• YOUR ASSIGNMENT:
For this exercise, reproduce only the lines from the one holding "Ementa: O VEREADOR" through the final line of the data below, exactly, and omit pictures.
+++
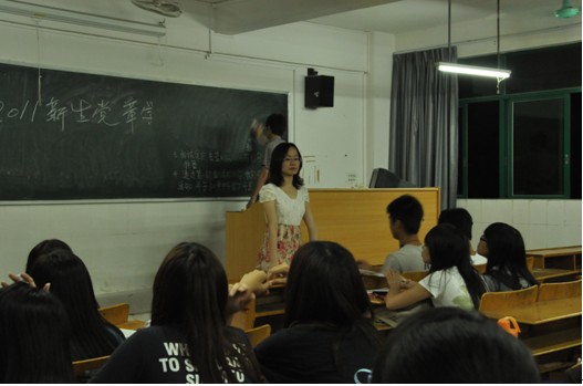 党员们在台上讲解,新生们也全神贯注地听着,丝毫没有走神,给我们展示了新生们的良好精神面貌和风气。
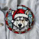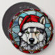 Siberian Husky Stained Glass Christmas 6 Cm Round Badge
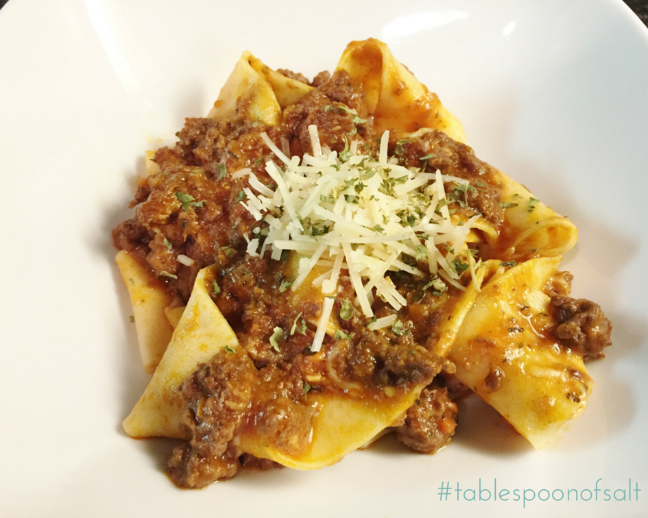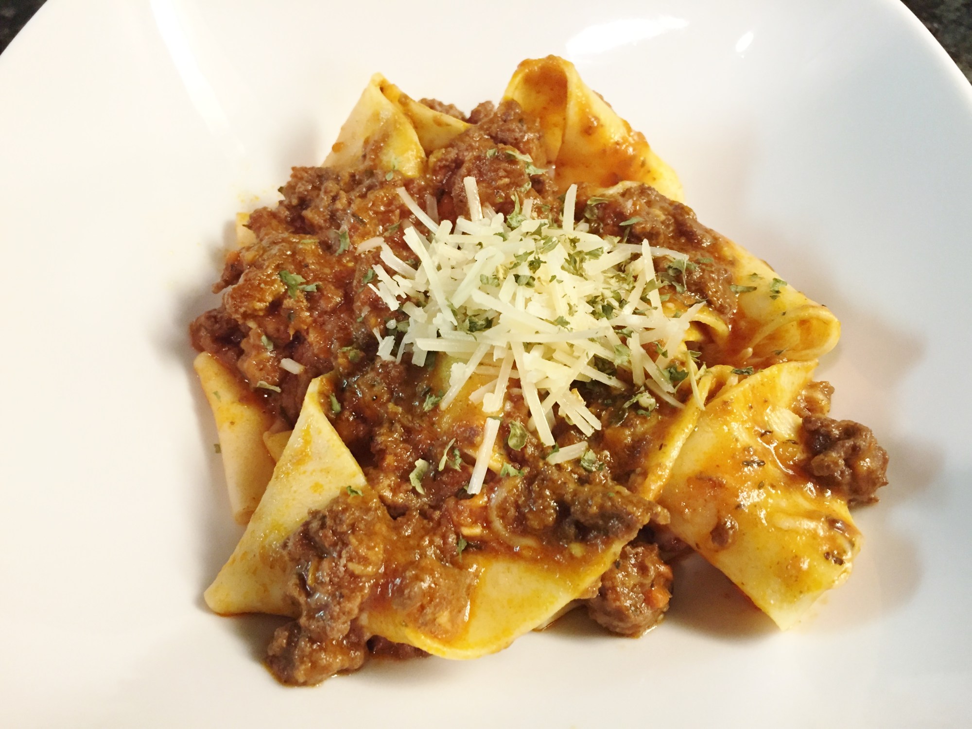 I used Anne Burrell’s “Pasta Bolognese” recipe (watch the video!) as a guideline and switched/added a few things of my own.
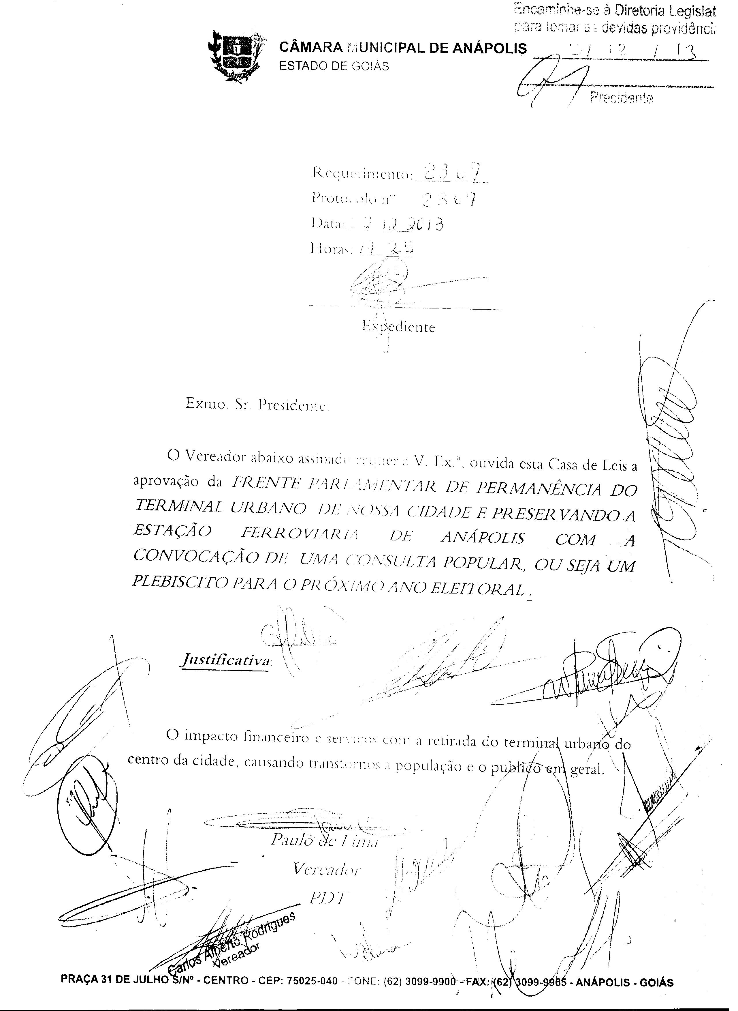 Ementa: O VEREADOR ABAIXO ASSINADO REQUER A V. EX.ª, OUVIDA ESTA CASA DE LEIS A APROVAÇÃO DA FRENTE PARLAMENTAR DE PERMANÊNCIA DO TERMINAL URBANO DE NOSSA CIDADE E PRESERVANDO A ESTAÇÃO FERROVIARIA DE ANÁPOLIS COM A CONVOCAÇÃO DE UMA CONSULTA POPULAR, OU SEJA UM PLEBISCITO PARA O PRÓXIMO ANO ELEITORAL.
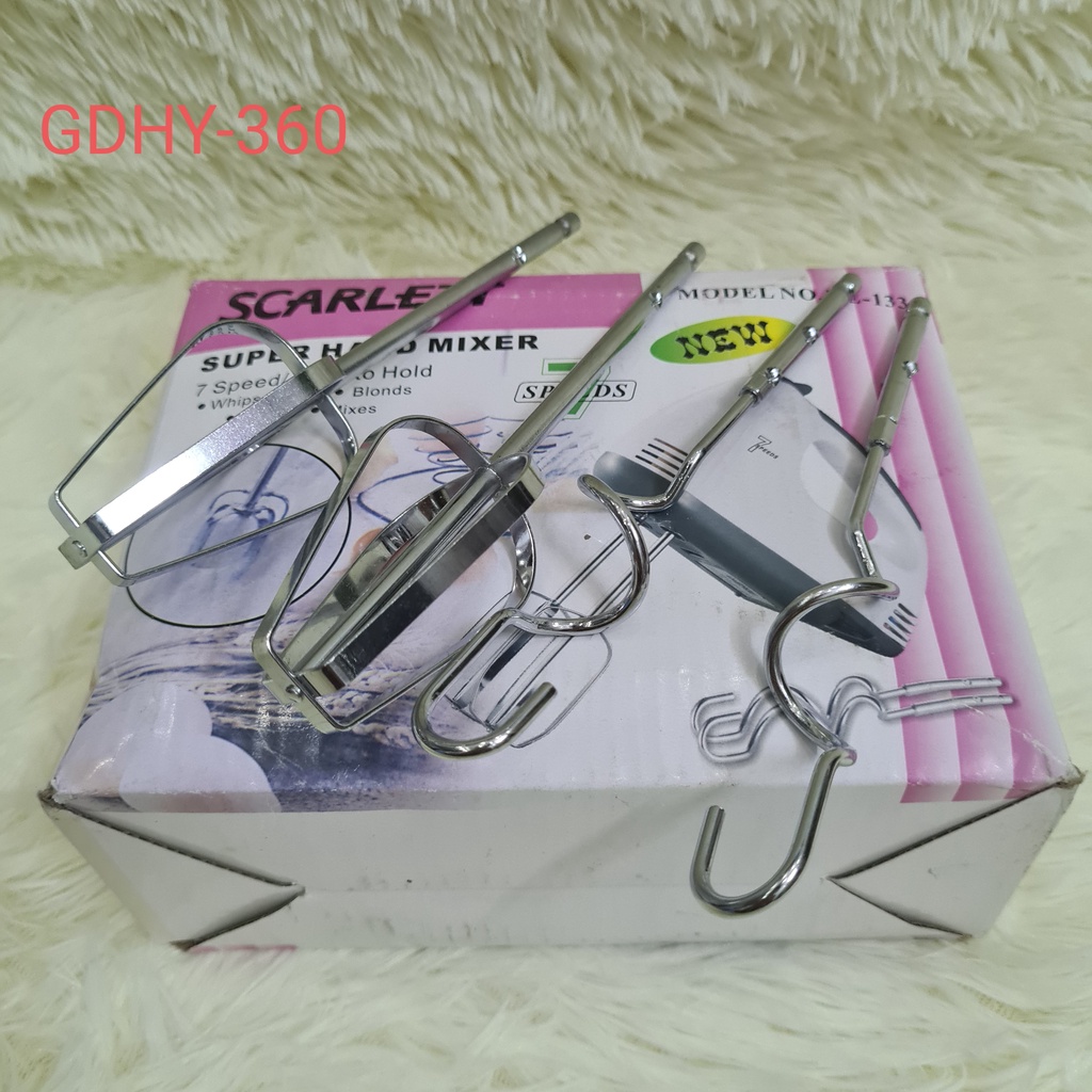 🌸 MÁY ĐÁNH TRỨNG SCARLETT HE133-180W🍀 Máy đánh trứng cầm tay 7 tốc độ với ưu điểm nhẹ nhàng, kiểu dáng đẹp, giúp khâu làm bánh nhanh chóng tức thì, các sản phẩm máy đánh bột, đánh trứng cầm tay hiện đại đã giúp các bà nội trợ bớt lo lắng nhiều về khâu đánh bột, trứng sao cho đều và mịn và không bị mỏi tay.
+++
• REPLY:
 Ementa: O VEREADOR ABAIXO ASSINADO REQUER A V. EX.ª, OUVIDA ESTA CASA DE LEIS A APROVAÇÃO DA FRENTE PARLAMENTAR DE PERMANÊNCIA DO TERMINAL URBANO DE NOSSA CIDADE E PRESERVANDO A ESTAÇÃO FERROVIARIA DE ANÁPOLIS COM A CONVOCAÇÃO DE UMA CONSULTA POPULAR, OU SEJA UM PLEBISCITO PARA O PRÓXIMO ANO ELEITORAL.
 🌸 MÁY ĐÁNH TRỨNG SCARLETT HE133-180W🍀 Máy đánh trứng cầm tay 7 tốc độ với ưu điểm nhẹ nhàng, kiểu dáng đẹp, giúp khâu làm bánh nhanh chóng tức thì, các sản phẩm máy đánh bột, đánh trứng cầm tay hiện đại đã giúp các bà nội trợ bớt lo lắng nhiều về khâu đánh bột, trứng sao cho đều và mịn và không bị mỏi tay.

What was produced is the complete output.